A Study of Facial Organs Classification System Based on Fusion of CNN Features and Haar-CNN Features
Abstract
In this paper, we proposed a method for effective classification of eye, nose, and mouth of human face. Most recent image classification uses Convolutional Neural Network(CNN). However, the features extracted by CNN are not sufficient and the classification effect is not too high. We proposed a new algorithm to improve the classification effect. The proposed method can be roughly divided into three parts. First, the Haar feature extraction algorithm is used to construct the eye, nose, and mouth dataset of face. The second, the model extracts CNN features of image using AlexNet. Finally, Haar-CNN features are extracted by performing convolution after Haar feature extraction. After that, CNN features and Haar-CNN features are fused and classify images using softmax. Recognition rate using mixed features could be increased about 4% than CNN feature. Experiments have demonstrated the performance of the proposed algorithm.
초록
본 논문에서는 사람 얼굴의 눈, 코, 입을 효과적으로 분류하는 방법을 제안한다. 최근 대부분의 이미지 분류는 CNN(Convolutional Neural Network)을 이용한다. 그러나 CNN으로 추출한 특징은 충분하지 않아 분류 효과가 낮은 경우가 있다. 분류 효과를 더 높이기 위해 새로운 알고리즘을 제안한다. 제안하는 방법은 크게 세 부분으로 나눌 수 있다. 첫 번째는 Haar 특징추출 알고리즘을 사용하여 얼굴의 눈, 코, 입 데이터셑을 구성한다. 두 번째는 CNN 구조 중 하나인 AlexNet을 사용하여 이미지의 CNN 특징을 추출한다. 마지막으로 Haar 특징 추출 뒤에 합성(Convolution) 연산을 수행하여 Haar-CNN 특징을 추출한다. 그 후 CNN 특징과 Haar-CNN을 혼합하여 Softmax를 이용해 분류한다. 혼합한 특징을 사용한 인식률은 기존의 CNN 특징 보다 약 4% 향상되었다. 실험을 통해 제안하는 방법의 성능을 증명하였다.
Keywords:
AlexNet, CNN, softmax classifier, Haar-CNN, image classificationⅠ. 서 론
Image processing is a very important technology, it can be roughly divided into three parts, such as image classification[1], object detection[2], and semantic segmentation[3]. In recent years, deep learning has been one of the hottest research topics in the field of image processing. Before the rise of deep learning, machine learning is the most used algorithm in image processing. But now in the field of image processing, deep learning algorithm is the mainstream algorithm. In the deep learning and machine learning[4], neural network is very important. The neural network mimics the human brain to make the machine perform a series of operations autonomously. Perceptron is a very important algorithm before the emergence of the neural network. We can think of the neural network as a further development of the perceptron.
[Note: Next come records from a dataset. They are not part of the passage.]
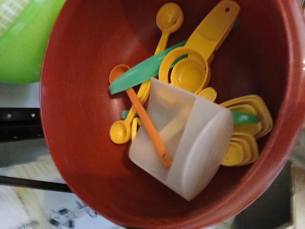 Tupperware brand food storage containers with great utensil gadgets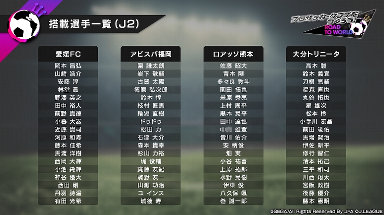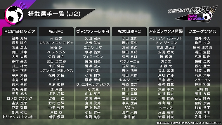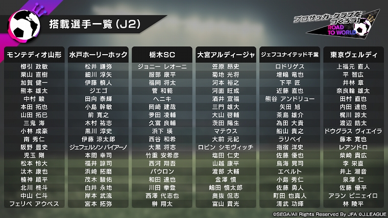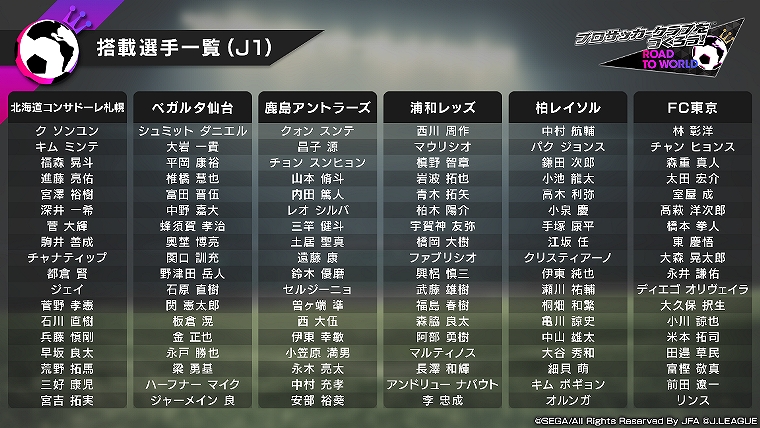 「プロサッカークラブをつくろう! ロード・トゥ・ワールド」,Jリーグモードに登場する選手リストが公開に
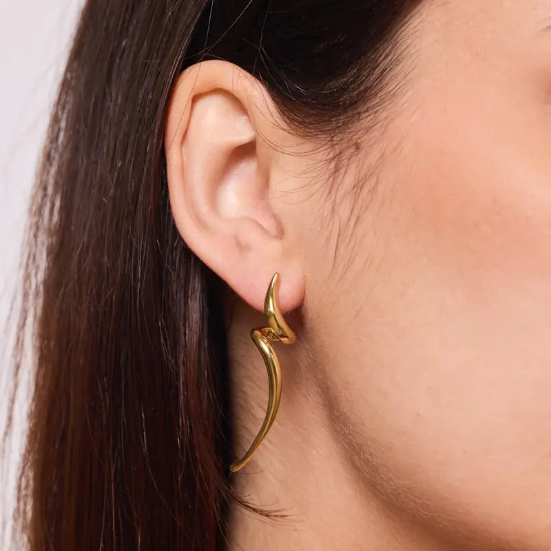 skiller sig ud med deres unikke, skulpturelle design og bløde, snoede form, der elegant følger ørets linjer. Øreringene har et moderne og kunstnerisk udtryk, som tilføjer et sofistikeret touch til både hverdags- og aftenlooks.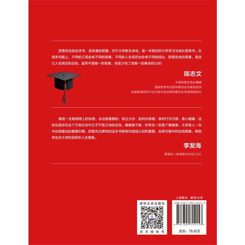 "1.这本书的诞生源自一个深刻的教育痛点—在中国,几乎所有的努力都集中在实现高考金榜题名上,然而在考上大学之后,虽然学校和社会也投入了大量的资源对大学生涯规划与未来发展进行指导,但许多学生仍感到无所适从,仍然缺乏清晰、可落地的行动指引。学生们走进大学,面临选择的迷茫与焦虑,而毕业时才发现理想与现实之间的巨大落差。 2.这并不是学生的错,事实上,几乎没有人教会他们如何规划自己的大学生活与职业生涯,尤其是在现代社会,随着全球化与科技变革,单纯的学术成绩和一纸学历已无法保证未来的成功,学生们急需一种更加全方位的规划和思维。
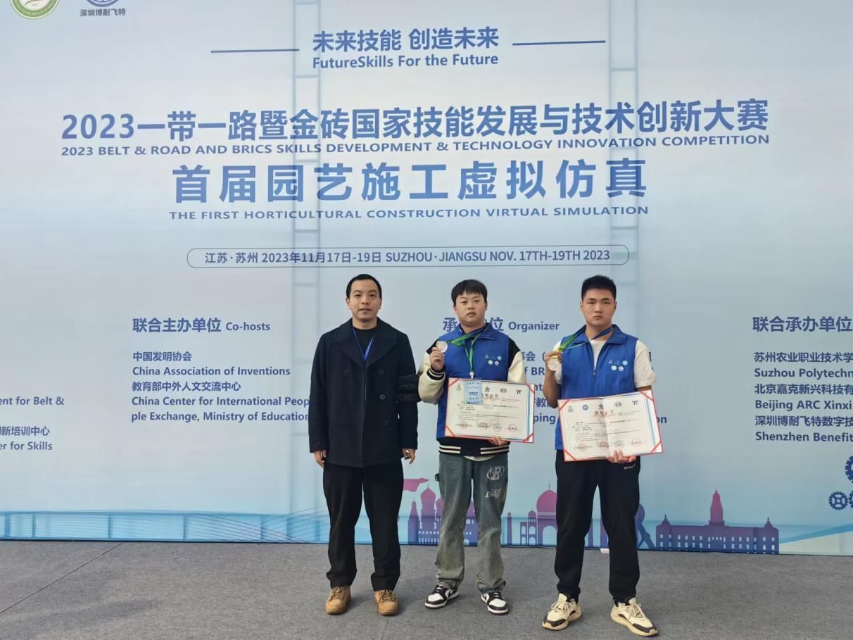 2023年11月17日-19日,一带一路暨金砖国家技能发展与技术创新大赛——首届园艺施工虚拟仿真赛项在苏州农业职业技术学院举办。我院园林技术专业学生罗昊、张发元组成的咸宁职业技术学院代表1队荣获二等奖;学生彭坪、陆炜组成的咸宁职...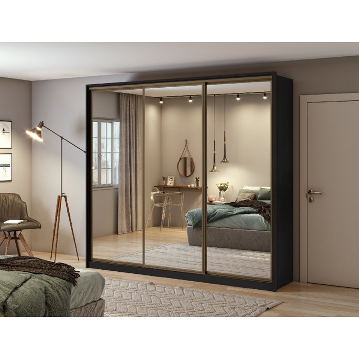 Guarda Roupa Casal Espelhado 3 Portas 6 Gavetas Spazio Lopas Preto Fosco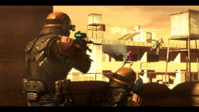 Government of Ordered Earthen Democracies (G.O.E.D.) Marines | 7th Marine Regiment, Gamma Company | Year 2341 | Second Marauder Crisis | Mars, Mawrth Vallis City | 9:04 A.M. H.S.T.On September 22nd 2341, an unknown space vessel blocked G.O.E.D. scanners and picked up ramming speed towards the G.O.E.D. homeplanet of Mars. Trajectory simulations of the ship made an educated guess that there were no specific target(s). The ship in question, while not scannable at the time, was noted to be that of a defensive frigate generally meant to protect larger more vulnerable ships. Not only that but the design of said frigate was comparable to those used by Follen, though they deny of having any ships within or around G.O.E.D. territory. As the ship sped towards the red planet it's defensive batteries kicked on and began deterring any intercepting ship, torpedoes, or missiles.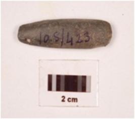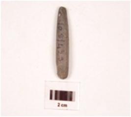 | Description / विवरण | Fragment of pointed arrow head stone, rectangular in section, greyish colour, smooth surface. |
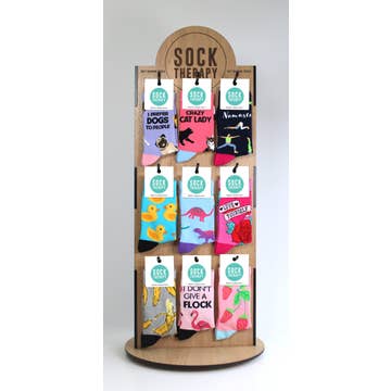 Sock Therapy Bamboo Socks – Put your feet into sock therapy! Bamboo is some kind of magic material. It is cool in the Summer, while still managing to be warm in the Winter. It is also super soft and sustainable too. Like we said…..magic! We add a little Sock Therapy innovation of our own with funky designs and bright colours. The result is a pair of socks you’ll never want to take off! (Seriously though, you should wash them now and then!) Our eco wooden display spinner will look fantastic in your store and is bound to increase sales, even the hooks on this display are made from 100% recycled and recyclable plastic! H: 82cm W: 30CM Holds 18 designs RRP £6.99 Wooden sock display is £37.86, offset at retail with 6 pairs of socks free of charge. Stands made to order so please allow a 7 day lead time. If you wish to specify designs please list them in the notes, otherwise we will stock with best sellers!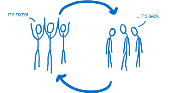 팀이 이 버그를 고치고 얼마동안은 괜찮았지만 [업데이트를 하다보면] 곧 다시 나타났다.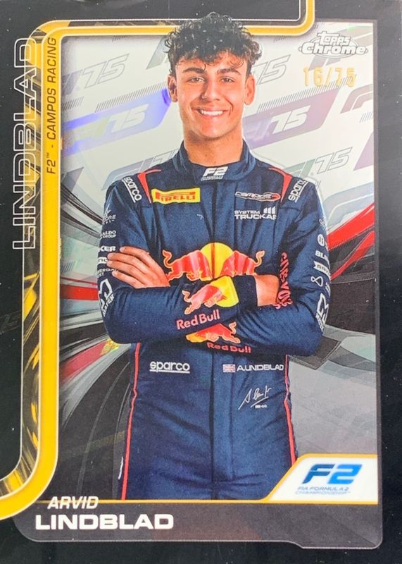 Arvid Lindblad's Racing cards are available in at least 2 sets. Arvid Lindblad's biggest 7-day price movers are 2025 Topps Chrome Formula 1 #23 75th Anniversary Refractor /75, 2025 Topps Chrome Formula 1 #CAC-LIN Chrome Autographs - Green Refractor /99, and 2025 Topps Chrome Formula 1 #CAC-LIN Chrome Autographs.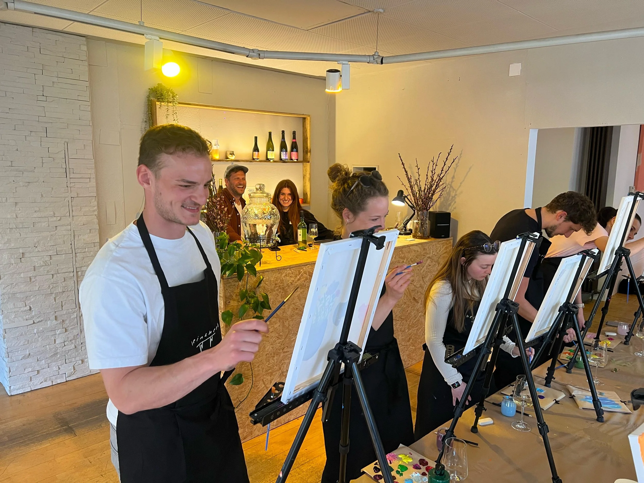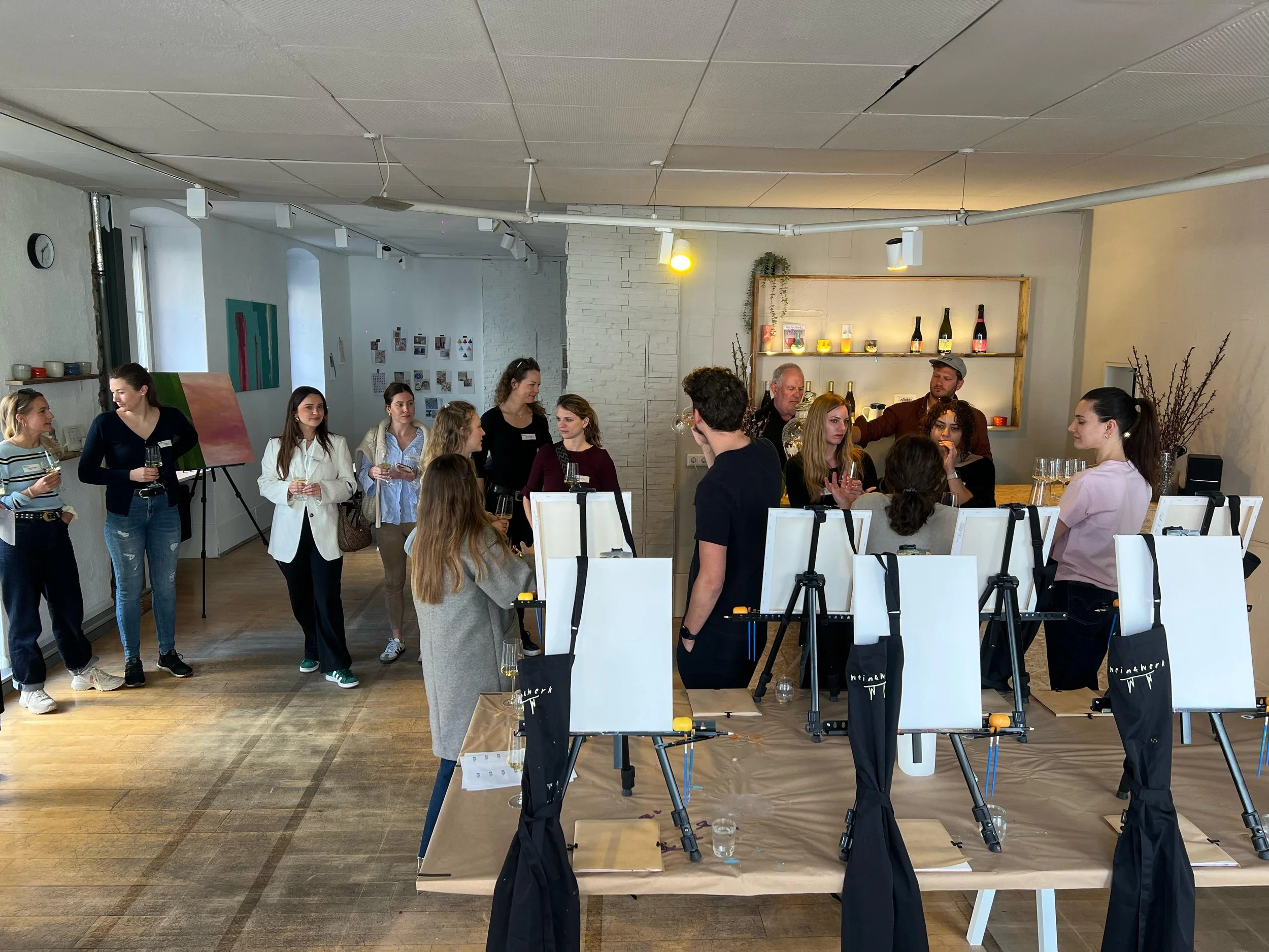 Unsere Young Professionals hatten kürzlich die Gelegenheit, einen besonderen Abend bei Wein & Werk in der Freiburger Wiehre zu verbringen – einer charmanten Mischung aus Atelier und Vinothek, die kreative Workshops mit Weinbegleitung anbietet.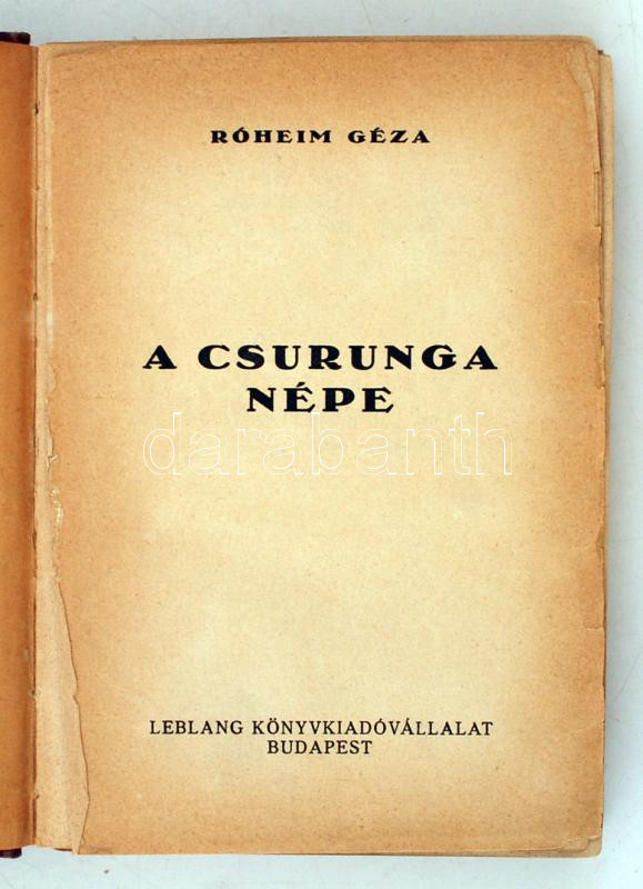 Róheim Géza: A csurunga népe. Budapest, é.n., Leblang Könyvkiadóvállak... https://www.darabanth.com/hu/266-Gyorsarveres/266.0/Konyvek/Konyvek-Egyeb-ritkasagok~500026/Roheim-Geza-A-csurunga-nepe-Budapest-en-Leblang-Konyvkiadovallakat-Kisse-viseltes-fe~II1335529

Image classification is the most basic algorithm in image processing. It is used in a variety of tasks. The mean of image classification is that computer automatically assign images to their respective classes. The classification task is a binary classification or a multi-class classification. The process of image classification involves two steps training system and testing system. In the training step, model extracts the features of image and form a description for every class. In the testing step, the trained model of the training step is used to classify the test images. In the image processing, features are necessary. Here are many kinds of extracted features, it can be divided into machine learning features and deep learning features. The machine learning features include Histogram of Oriented Gradient(HOG)[5], Local Binary Pattern(LBP)[6], Haar, Scale Invariant Feature Transform(SIFT)[7] and so on. The HOG constructs a feature by calculating and counting a gradient direction histogram of a local region of the image. LBP is an operator used to describe the local texture features of an image, it has significant advantages, such as rotation invariance and gray invariance. The SIFT algorithm obtains good results by finding the interest points and their descriptions about scale and orientation in a graph and performing image feature point matching. Such algorithms require artificial manipulation to extract features of the image, and the extracted features lack abstract features, and the classification results are relatively low. After that, Support Vector Machine(SVM)[8], Random Forest and Adaboost classifiers use extracted features to make a final decision of image classes. SVM construct hyperplane in high-dimensional space, which can be used for classification[9].
Convolutional Neural Network(CNN)[10] mimics the human nervous system and enables the computer to complete feature extraction autonomously. CNN has a huge breakthrough on ILSVR2012 image competition, it beat all others models in image classification. Now CNN is widely used in image processing. Compared with the traditional deep neural network, CNN reduced the calculated amount and the calculation complexity of the neural network. The CNN can be described as convolutional blocks and fully connection blocks. A convolutional block includes linear filters, non-linear activation function, and local pooling operations. The network of fully connection block is the traditionary neural network. CNN use the hierarchical structure of network to extract feature. Then fully connection layers use the extracted features to classify the input image. The traditional CNN includes LeNet-5[11], AlexNet, Visual Geometry Group(VGG)[12], GoogLeNet[13] and so on. LeNet-5 is the most basic CNN. Alexnet is an 8-layer neural network, VGG is a 16-layer neural network, and GoogLeNet is a 22-layer neural network. The most used networks are AlexNet and VGG.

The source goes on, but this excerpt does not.